Es müsse dringend eine Revision her. Ein neuer Einzelleistungstarif (Tardoc) zwischen Ärztinnen und Ärzten, Spitälern und Krankenversicherungen ist zwar bereits ausgearbeitet, doch hat der Bundesrat im Sommer 2022 das Paket als «nicht genehmigungsfähig» abgelehnt.

Ein lohnendes Geschäft

Derweil bleiben einige medizinische Fachrichtungen ein lohnendes Geschäft, etwa die Radiologie. Eine Beobachtung, die auch die St. Galler SP-Kantonsrätin Bettina Surber in der Ostschweiz gemacht hat: «Es entstehen ständig neue Institute. Ich schätze, das ist ein Treiber bei den Gesundheitskosten», sagt sie dem «Tages-Anzeiger».

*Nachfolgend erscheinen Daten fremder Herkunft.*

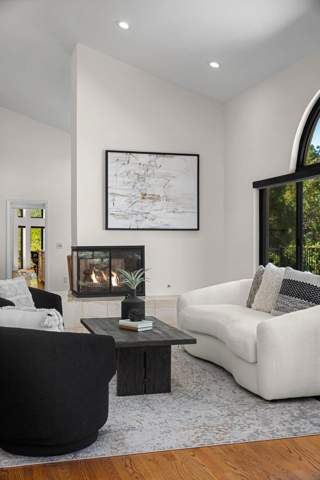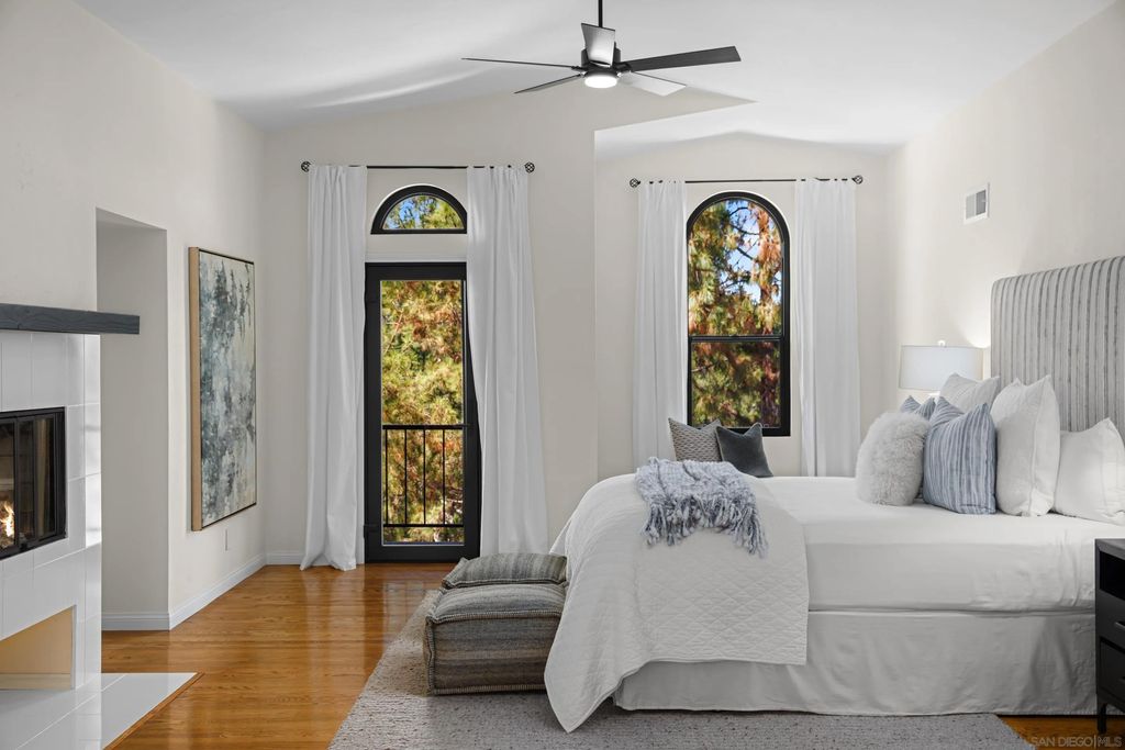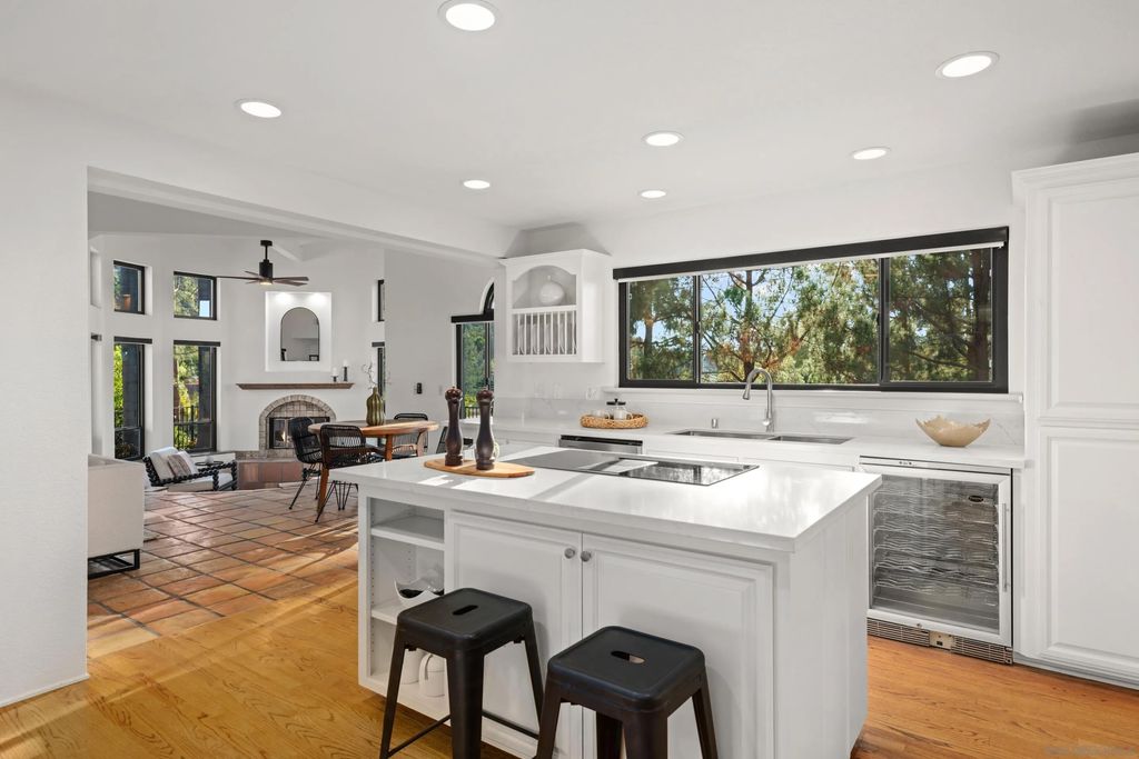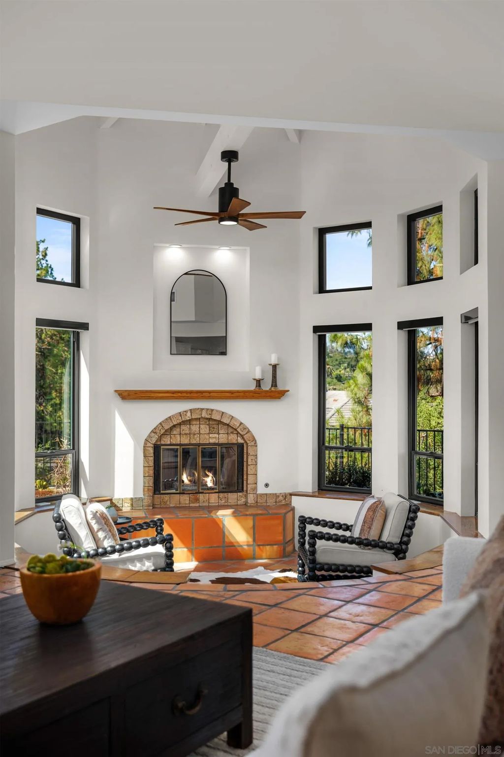 Tucked away in the exclusive enclave of Green Valley Knolls, this refined estate offers an elevated lifestyle where luxury meets nature on 1.17 serene acres. Spanning 3,699 sq ft, this custom built home is a private sanctuary with expansive mountain and hillside views that unfold with every sunset. A sweeping stone patio, energy-efficient new doors and windows throughout the home, and a completed property pro landscape design invite peaceful evenings under glowing skies. Step inside to discover airy, sunlit spaces with rich hardwood and tile floors, high ceilings, and a seamless indoor outdoor flow. French doors and new windows frame tranquil vistas, while the sophisticated, reimagined kitchen (featuring a high end oversized quartz island, new induction stove top, and custom details) anchors the heart of the home. The primary suite offers a retreat of its own, complete with a fireplace, dual walk-in closets, custom built-ins, and a private deck, ideal for morning coffee or evening stargazing. Four complete bathroom remodels showcase quartz counters, new vanities, upgraded lighting, and beautifully tiled showers, blending luxury with timeless design. Throughout the home, modern enhancements such as a whole house plumbing system with water safety controls, solar shades, and an upgraded irrigation system provide peace of mind and everyday ease. With no HOA, no Mello-Roos, and located within the top tier Poway Unified School District, this estate delivers an uncompromised blend of privacy, luxury, and convenience in one of Poway's most sought-after neighborhoods.

Sie scheint nicht Unrecht zu haben: Laut Bundesamt für Statistik haben die verrechneten Preise für ambulante Leistungen in der Radiologie schweizweit von 2015 bis 2022 um 64 Prozent zugenommen. Die Schweizerische Gesellschaft für Radiologie kontert, dass die Kosten der Radiologie in den letzten Jahren explodiert seien. Würde der neue Arzttarif in der aktuellen Fassung angenommen, könnten radiologische Untersuchungen nicht mehr kostendeckend durchgeführt werden.